Low-cost small-cap stocks set to become mid-caps

Small-cap stocks are being abandoned by investors, and the damage is rippling through the wider UK economy. For decades, the smallest listed businesses on the London stock market acted as a crucial engine for growth: ambitious young companies raised money, expanded their operations and, if they succeeded, graduated into much larger enterprises. Early backers often enjoyed excellent returns along the way. That system is now breaking down. A series of regulatory changes and industry shifts has steadily diverted capital away from smaller firms and towards the largest names in the market, creating a funding drought for promising businesses and shrinking the pool of opportunities for savers seeking long-term growth. Because these changes have become deeply embedded, a reversal looks unlikely anytime soon.
The rise of passive investing and the small-cap drought
To understand why small caps have been starved of capital, it is necessary to look at how the wealth-management industry has transformed. Not long ago, stockbrokers and fund managers devoted considerable resources to researching smaller companies and allocating clients’ capital across the market, ensuring money flowed to promising businesses and share prices broadly reflected reality. That process has been dismantled. Building bespoke portfolios became increasingly expensive and administratively burdensome. Faced with rising compliance requirements and growing scrutiny over fees, many advisers stopped making investment decisions themselves. Clumsy rules from the regulator triggered this shift. To eliminate compliance risks and operational costs, advisers outsourced the entire process to mass-market model-portfolio services (MPS).
The result has been a concentration of massive wealth into a handful of firms. Four dominant discretionary managers now control the bulk of the UK MPS market: Quilter WealthSelect, Tatton Investment Management, Timeline Portfolios and AJ Bell Investments. Together they manage more than £70 billion and are growing rapidly. Crucially, the MPS marketplace relies almost entirely on passive tracking funds. Driven by regulatory pressure to keep fees low, providers invest in cheap index funds that replicate the wider market. Human judgment has been replaced by algorithms. Instead of analysing whether a business is worth buying, a passive fund allocates cash purely based on how large a company already is.
The big four allocate a combined £9 billion to the UK stock market. Yet tracing the money down to the underlying holdings reveals that almost none of it reaches smaller companies. When investment committees use passive UK equity trackers, index rules determine where the money goes. Quilter WealthSelect and Tatton Investment Management control around £50 billion between them, yet their reliance on broad market benchmarks dilutes actual small-cap exposure to around 0.3% of total assets. AJ Bell relies on trackers that systematically lop off the bottom 3% of the investable market, so its allocation to pure small caps sits at virtually nothing.

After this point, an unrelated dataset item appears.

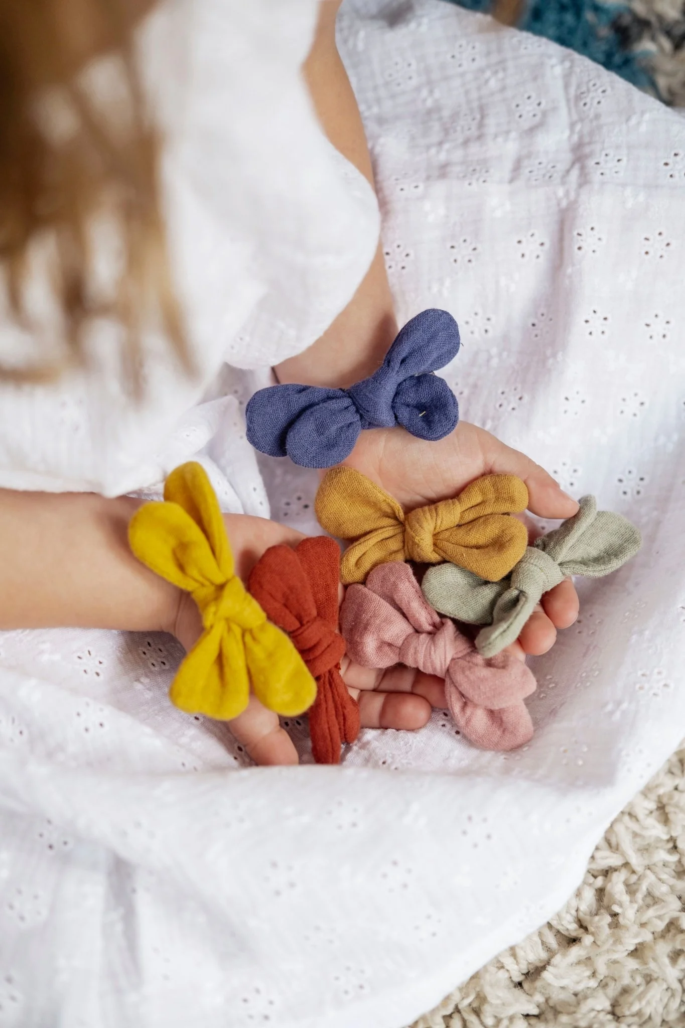 Ajoutez une touche de douceur et d’élégance aux coiffures de vos enfants avec nos barrettes à nœud en gaze de coton. Grâce à leur pince crocodile, elles sont faciles à fixer et tiennent parfaitement toute la journée, même sur les cheveux fins.

This starvation of capital has been worsened by past regulatory mistakes. New rules permanently damaged the stock market by forcing brokers to charge separately for research and trading. When active funds dominated, brokers employed armies of researchers to write detailed reports, helping fund managers decide where to invest. Brokers spent time analysing small companies to drum up interest and find buyers for shares, funding the work through trading in large companies. This research gave smaller firms visibility and kept their share prices accurate. Once the regulator banned so-called bundling, the commercial model for small-cap broking collapsed because passive tracking funds do not buy research. Today, analyst coverage for companies valued under £250 million has all but vanished. Hundreds of listed British businesses are completely ignored by the market. Institutional investors will not buy shares in a company that nobody covers, and brokers will not spend money writing about companies that the big wealth platforms are blocked from buying. Investing has become a purely automated exercise driven by index size, leaving high-quality small companies completely cut off.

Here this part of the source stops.